The following day Ahmad and I were returning to the house from a long dinner, when suddenly, a few steps from the house, our heads and bodies were assailed by a barrage of sticks and chains. As I fell to the ground, holding my hand to a bleeding wound on my forehead, I heard Ahmad call Ghaliya and all his neighbours by their full names and at the top of his voice. Then I heard him collapse amidst the sound of escaping footsteps while windows and doors were being opened as people woke up and rushed us to the emergency room.
I ended up with ten stitches in my head while Ahmad suffered a broken left hand, along with many other minor wounds of various hues. I was lying on my hospital bed when Ahmad was brought in — his moans preceding him — and laid in the bed opposite, his broken arm resting on his chest in a sling around his neck.
As soon as he was leaning comfortably on a large pillow, he turned to me and lamented, ‘They slaughtered us.’
‘If you don’t sell them the house, they’ll kill you!’ I said.
He replied angrily, ‘By God, never, even if they stick the Koutoubia minaret up my arse!’
I burst out laughing just as Ghaliya entered the room. At first and because of our laughter she thought she had entered the wrong room. Once she had made sure, she rushed in, exclaiming, ‘Is this a time for laughter?’
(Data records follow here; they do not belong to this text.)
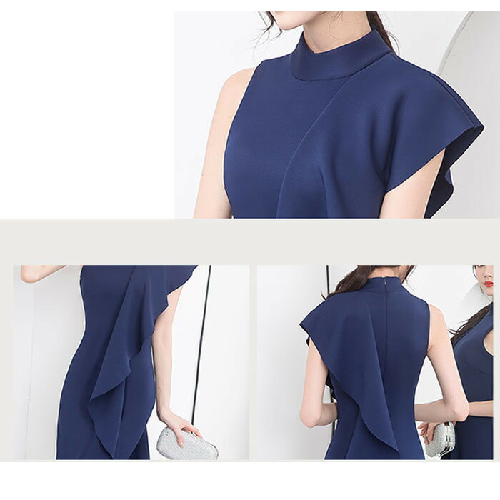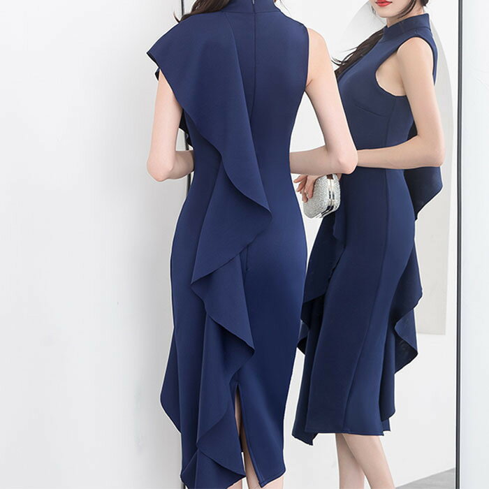 パーティドレス タイト ノースリーブ フレンチスリーブ ワンピース おしゃれ フリル ロング丈 スリット 結婚式 二次会 ハイネック 春 秋 冬 ブラック ホワイト ワイン レッド アシンメトリー パーティ
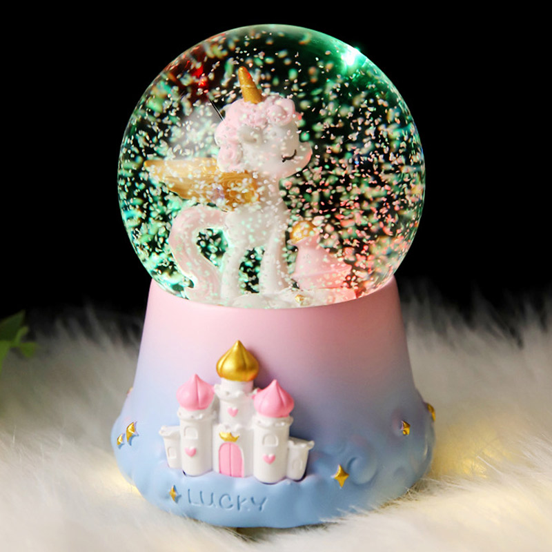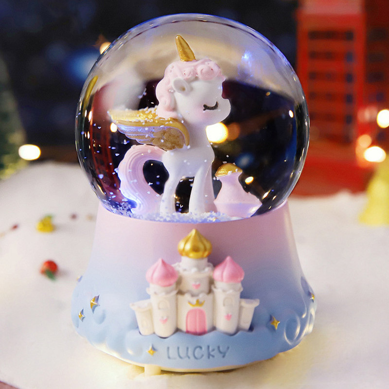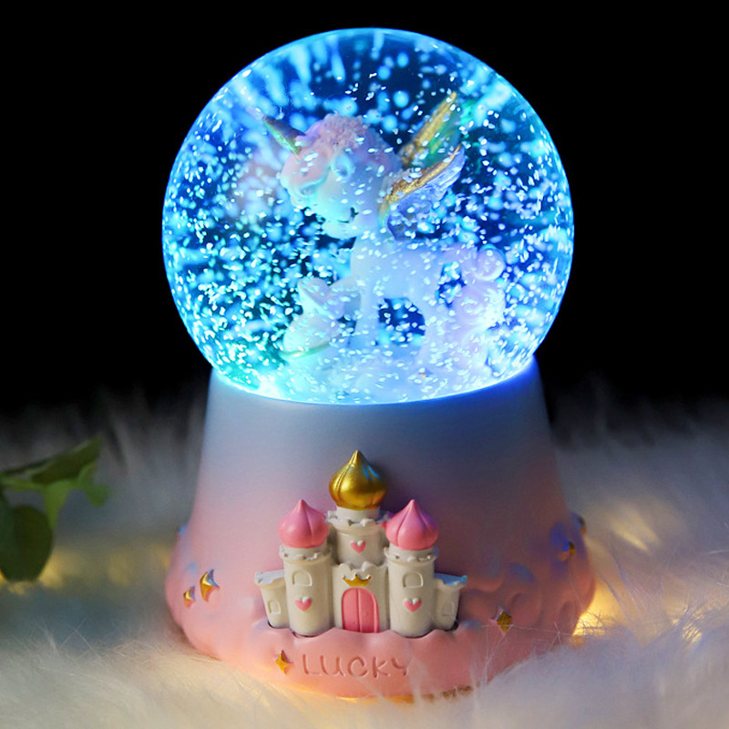 Luminous unicorn crystal ball music box children dream girl carousel princess girl day new year gift
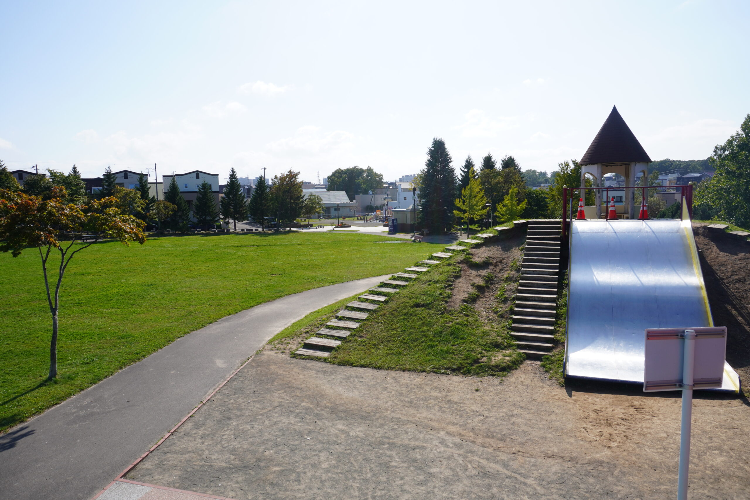 広々とした芝生広場や大きなすべり台など子どもたちに人気の設備がそろった公園です。
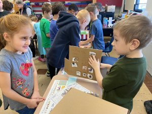 Every year, the first-grade classes are tasked with the assignment of choosing an animal to research. Following their research, students then create a habitat for their animal and put on a showcase for the rest of the school. As other students are coming through the showcase, they ask first-graders questions about their animal and its surroundings. This year everyone saw a lot of cats and dogs, a couple of snakes, hamsters and even a lizard on display.

Ahmad joked with her to help her get over her fright. Once she had calmed down and was responding to his words with broken laughter, I beckoned her over, and when she came close I whispered in her ear, ‘The bride brought him good luck and happiness!’
All her resistance melted away and she gave in to laughter that made her whole body shake.
The police visited us at the hospital. Ahmad assured them that he was not aware of anyone who had a score to settle with him that would have led to such an assault. When the detective inspector turned to me, I lowered my gaze and assured him that Ahmad knew a specific party and person who had previously threatened him for refusing to sell him his house. I assured the officer that although I had nothing to do with the matter, I declared, on my own responsibility, that the only party that would benefit from this attack was the one I had mentioned. Ahmad shouted and swore at me, but I maintained my accusation each time he calmed down.
The detective inspector asked me later if I had a legal connection to the house, and if I did, had I received a threat from anyone. I told him I did not. He gave a broad grin and then left with his team.
The following day, almost all the national press — the independents, the party newspapers and, according to Ahmad, those backed by powerful personalities — carried photographs of us lying side by side in hospital. Our faces revealed the traces of late-night partying more than they did the effects of the attack. There were various accounts of our ordeal: some concerned the familiar property dispute, others gave the attack a mysterious political dimension and others made crude allusions to immoral ventures.